▶ WORK INSTRUCTIONS
Word for word, copy the listing below and leave out its images.

----

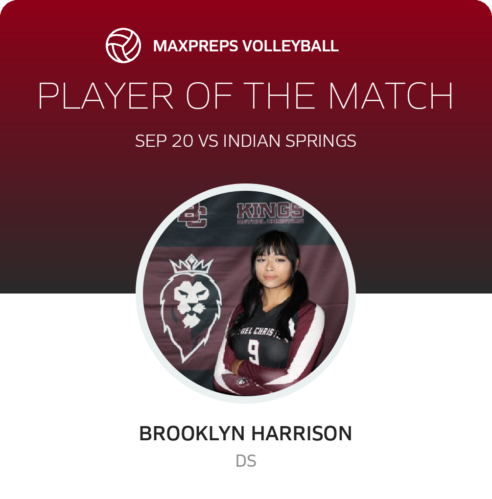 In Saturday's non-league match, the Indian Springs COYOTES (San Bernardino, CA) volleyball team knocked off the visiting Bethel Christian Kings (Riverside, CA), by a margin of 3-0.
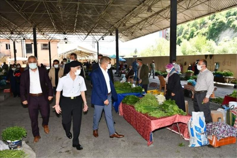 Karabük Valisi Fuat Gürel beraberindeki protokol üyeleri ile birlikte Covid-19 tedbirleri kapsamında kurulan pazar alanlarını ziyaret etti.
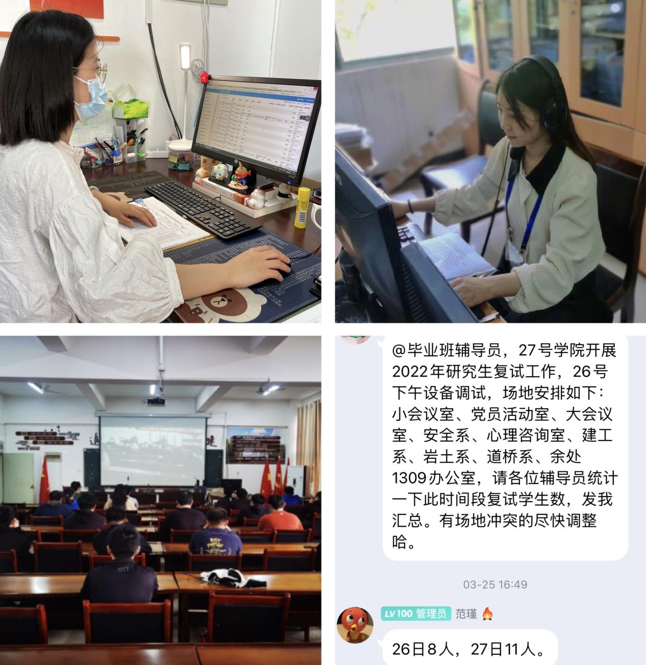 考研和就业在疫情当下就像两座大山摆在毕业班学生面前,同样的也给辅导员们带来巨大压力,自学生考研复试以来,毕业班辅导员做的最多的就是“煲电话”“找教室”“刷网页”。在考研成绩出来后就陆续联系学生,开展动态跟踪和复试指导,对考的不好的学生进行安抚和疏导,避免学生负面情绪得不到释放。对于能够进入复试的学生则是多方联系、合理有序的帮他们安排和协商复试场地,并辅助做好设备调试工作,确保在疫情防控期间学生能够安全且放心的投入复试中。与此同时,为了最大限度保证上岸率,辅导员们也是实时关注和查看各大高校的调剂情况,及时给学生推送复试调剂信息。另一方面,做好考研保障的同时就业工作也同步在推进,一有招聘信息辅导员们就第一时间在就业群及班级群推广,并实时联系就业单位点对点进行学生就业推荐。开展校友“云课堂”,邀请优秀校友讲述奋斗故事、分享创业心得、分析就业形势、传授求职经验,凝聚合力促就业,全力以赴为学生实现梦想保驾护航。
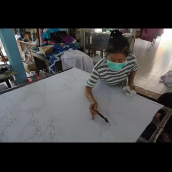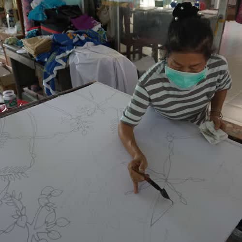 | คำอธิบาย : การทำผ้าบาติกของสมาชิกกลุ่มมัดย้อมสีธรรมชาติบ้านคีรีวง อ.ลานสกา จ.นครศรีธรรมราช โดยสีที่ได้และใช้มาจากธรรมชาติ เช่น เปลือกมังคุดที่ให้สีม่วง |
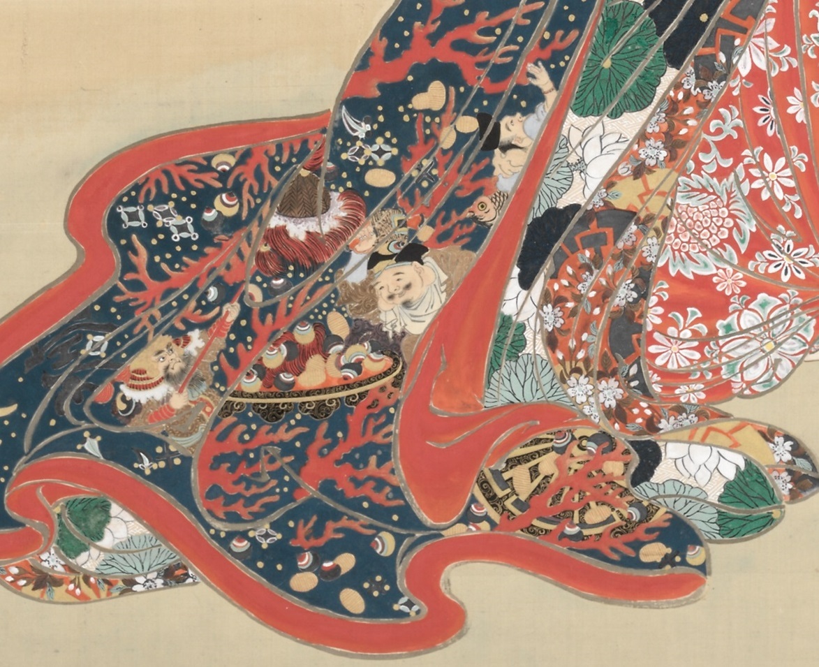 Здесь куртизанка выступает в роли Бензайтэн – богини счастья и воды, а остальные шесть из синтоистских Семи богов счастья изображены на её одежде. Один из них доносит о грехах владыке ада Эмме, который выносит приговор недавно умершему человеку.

----

▶ SOLVED PROBLEM
 In Saturday's non-league match, the Indian Springs COYOTES (San Bernardino, CA) volleyball team knocked off the visiting Bethel Christian Kings (Riverside, CA), by a margin of 3-0.
 Karabük Valisi Fuat Gürel beraberindeki protokol üyeleri ile birlikte Covid-19 tedbirleri kapsamında kurulan pazar alanlarını ziyaret etti.
 考研和就业在疫情当下就像两座大山摆在毕业班学生面前,同样的也给辅导员们带来巨大压力,自学生考研复试以来,毕业班辅导员做的最多的就是“煲电话”“找教室”“刷网页”。在考研成绩出来后就陆续联系学生,开展动态跟踪和复试指导,对考的不好的学生进行安抚和疏导,避免学生负面情绪得不到释放。对于能够进入复试的学生则是多方联系、合理有序的帮他们安排和协商复试场地,并辅助做好设备调试工作,确保在疫情防控期间学生能够安全且放心的投入复试中。与此同时,为了最大限度保证上岸率,辅导员们也是实时关注和查看各大高校的调剂情况,及时给学生推送复试调剂信息。另一方面,做好考研保障的同时就业工作也同步在推进,一有招聘信息辅导员们就第一时间在就业群及班级群推广,并实时联系就业单位点对点进行学生就业推荐。开展校友“云课堂”,邀请优秀校友讲述奋斗故事、分享创业心得、分析就业形势、传授求职经验,凝聚合力促就业,全力以赴为学生实现梦想保驾护航。
 | คำอธิบาย : การทำผ้าบาติกของสมาชิกกลุ่มมัดย้อมสีธรรมชาติบ้านคีรีวง อ.ลานสกา จ.นครศรีธรรมราช โดยสีที่ได้และใช้มาจากธรรมชาติ เช่น เปลือกมังคุดที่ให้สีม่วง |
 Здесь куртизанка выступает в роли Бензайтэн – богини счастья и воды, а остальные шесть из синтоистских Семи богов счастья изображены на её одежде. Один из них доносит о грехах владыке ада Эмме, который выносит приговор недавно умершему человеку.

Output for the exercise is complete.